Será que é isso mesmo?
Participar de uma reunião pressupõe que
é a melhor forma de se conseguir chegar a uma conclusão efetiva sobre
determinado tema – decisão, superação de problema, desenvolvimento
de uma nova idéia, adoção de um processo de mudanças, e tantos
outros menos votados.
Os manuais sobre reunião existentes no
cenário de negócios são amplos – embora escassos no que diz
respeito a sua contemporaneidade – já que há pouca coisa nova nas
livrarias. A reunião pode ser vista como uma excelente oportunidade de
se conseguir informações não conhecidas por nós, e que servem de
subsídio para nossas decisões.
A reunião também é uma oportunidade de
compartilhar com pessoas que fazem parte de nosso universo produtivo
nossas percepções e visões acerca de assuntos de interesse, como
também trocar informações que possam ser agregadas a nossa
experiência.
Há um significativo número de
profissionais que criticam a reunião, a seu ver uma forma improdutiva
de tomar decisões. Percebe-se, todavia que o erro das reuniões, em
geral, não está no evento em si, mas nas atitudes que são tomadas por
seus participantes.
É essencial que reflitamos sobre a
qualidade de nossas atitudes, posturas, comportamentos antes, durante e
depois de reuniões para as quais somos convidados, ou aquelas nas quais
somos nós os geradores da necessidade, liderando e coordenando seus
trabalhos.
Vamos, em seguida, levantar alguns
aspectos que, sem dúvida, comprometem de forma significativa o
desenrolar de uma reunião que se propõe a ser produtiva:
-
Sua
necessidade real – pode ser substituída por outra forma de
decisão?
-
Seu
objetivo – há clareza quanto o que se pretende com este tipo de
instrumento?
-
Sua
finalidade – para que serve? O que vai trazer de valor agregado ao
processo produtivo?
-
Sua
oportunidade – em relação ao tema a ser discutido, o momento é
o mais adequado, há disponibilidade dos interessados (com
representatividade para participar da reunião)
-
Seu
custo – o benefício gerado pelo evento justifica o investimento
inicial – tempo, valor hora dos envolvidos, recursos?
-
Ocorrência
– qual o melhor local para se efetivar? Qual a disponibilidade de
espaço que otimize o conforto e a liberdade dos decisores?
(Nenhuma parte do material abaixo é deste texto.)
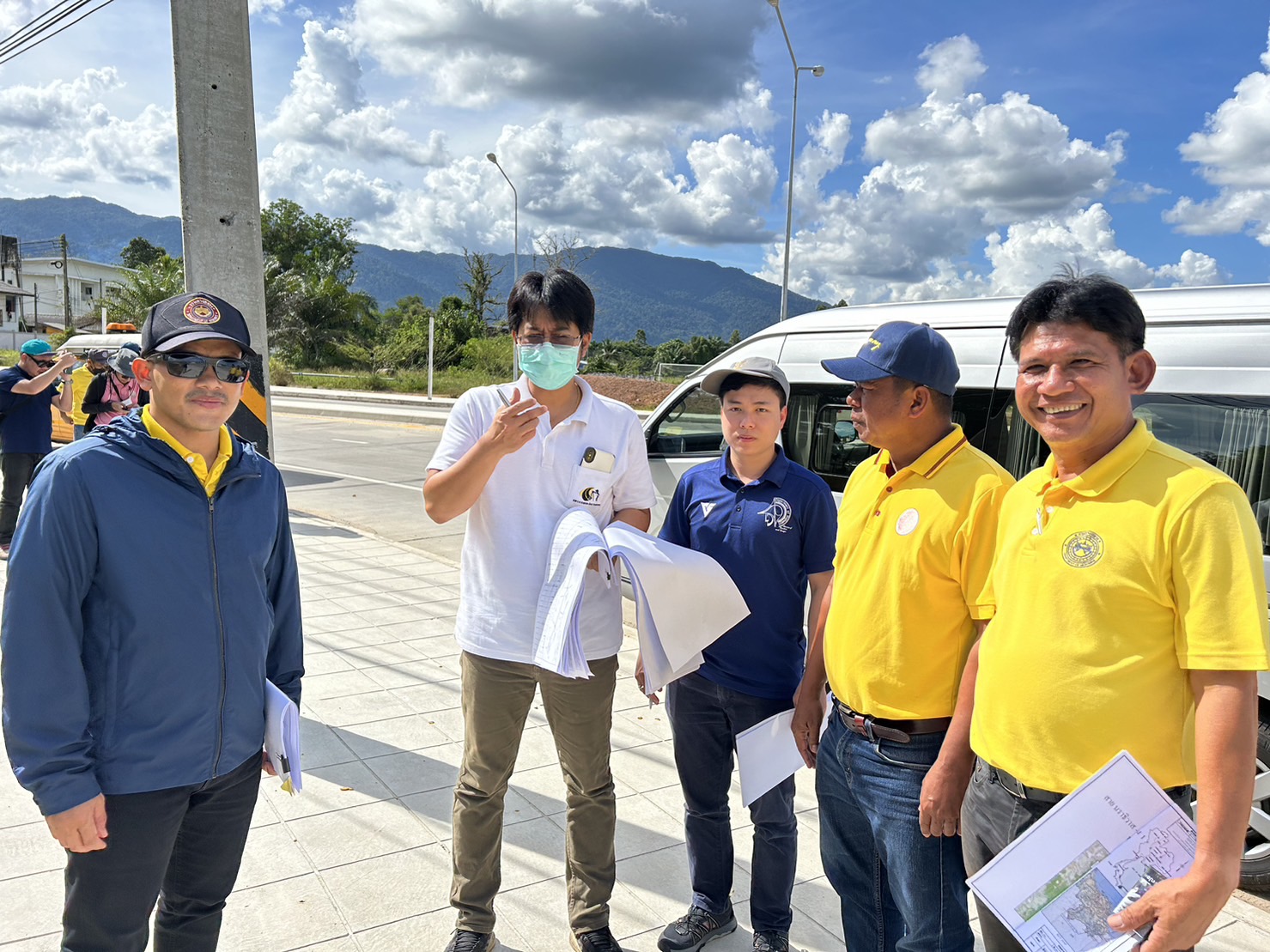 ร่วมกับเจ้าหน้าที่สำนักสำรวจออกแบบ กรมทางหลวง ลงพื้นที่ดำเนินการตรวจสอบ และเก็บข้อมูลเพื่อออกแบบ โครงการก่อสร้าง ทางหลวงหมายเลข 4056 ระหว่าง กม.19+775 - กม.36+275

Se as questões acima forem respondidas
de forma satisfatória, não havendo dúvidas que comprometam o
resultado, acreditamos que a nossa reunião pode ser realizada.
A partir deste momento entramos no
conjunto de medidas que tornam a reunião eficaz. Não há porque
repetí-las, já que os textos existentes são pródigos em
informações sobre elas. Anexo a este artigo, estamos disponibilizando
um roteiro, com base na bibliografia de referência desse texto, que nos
ajudará a entender o ritual.
Nossa preocupação, como foi dito nos
parágrafos acima, é com nossas atitudes durante a reunião, e o
impacto que elas podem causar em seus resultados.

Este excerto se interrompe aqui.